Treatment for VTE in the acute phase was similar for men and women, except for thrombolysis (Table 1). The prevalence of anticoagulation therapy beyond the acute phase was not different for men and women. During the follow-up period, time in therapeutic range of warfarin was significantly higher in men than in women (Table 2). Of those who underwent anticoagulation therapy beyond the acute phase of VTE, the duration of anticoagulation therapy was longer for men than for the women.

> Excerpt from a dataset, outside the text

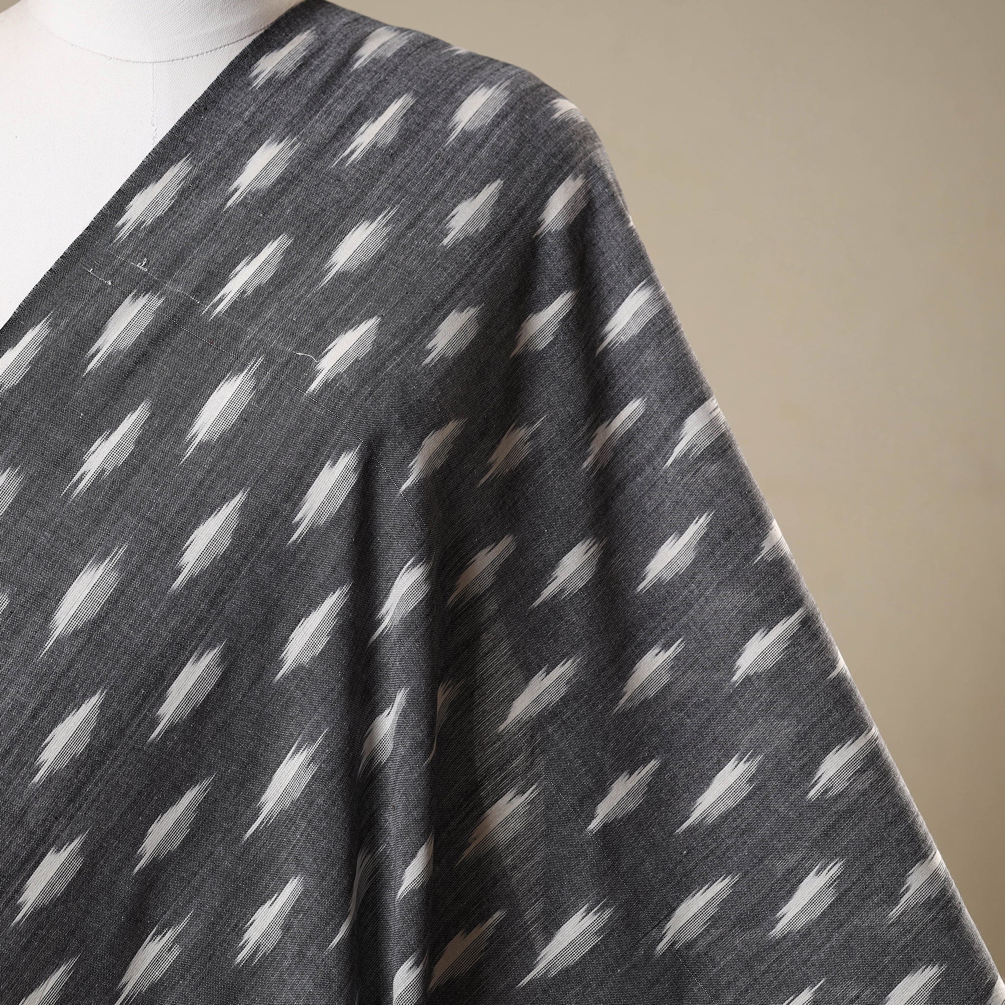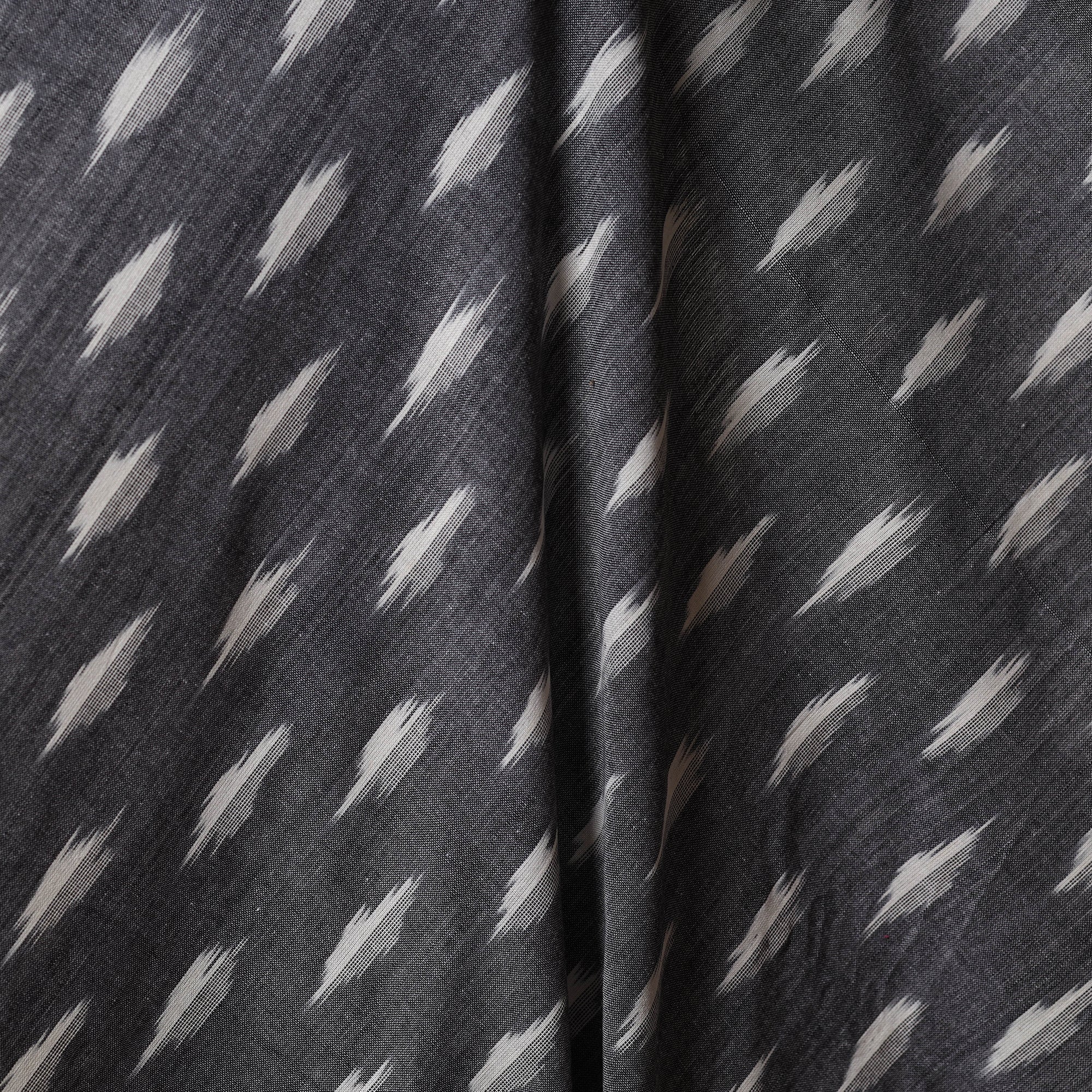This grey cotton pochampally Ikat fabric from Telangana reflects the elegance of India’s iconic weaving tradition. Created through the intricate Ikat resist-dye technique, where the warp and weft yarns are carefully dyed before weaving, it forms striking geometric patterns. Celebrated for its vibrant shades and distinctive textures, this fabric is ideal for tailoring garments as well as designing home decor pieces.

The cumulative incidence of discontinuation of anticoagulation therapy was significantly higher in women than in men (Figure 2).
Table 2.
Anticoagulation Therapy Beyond the Acute Phase
| Anticoagulation therapy beyond the acute phase |
All
(n=3,027) |
Men
(n=1,169) |
Women
(n=1,858) |
P value |
| Total |
2,803 (93%) |
1,090 (93%) |
1,713 (92%) |
0.28 |
| Warfarin |
2,676/2,803 (95%) |
1,051/1,090 (96%) |
1,625/1,713 (95%) |
0.053 |
| TTR for PT-INR 1.5–2.5 (%) |
71.7 [43.8–91.0] |
73.7 [47.3–92.0] |
69.8 [42.0–90.7] |
0.02 |
| TTR for PT-INR 2.0–3.0 (%) |
28.7 [6.9–55.5] |
31.2 [8.7–56.4] |
28.4 [6.0–54.8] |
0.15 |
| Direct oral anticoagulant |
78/2,803 (2.8%) |
23/1,090 (2.1%) |
55/1,713 (3.2%) |
0.08 |
| Heparin |
49/2,803 (1.8%) |
16/1,090 (1.5%) |
33/1,713 (1.9%) |
0.37 |
Categorical variables are presented as numbers and percentages. Continuous variables are presented as median and interquartile range. TTR was calculated by the Rosendaal method. PT-INR, prothrombin time-international normalized ratio; TTR, time in therapeutic range.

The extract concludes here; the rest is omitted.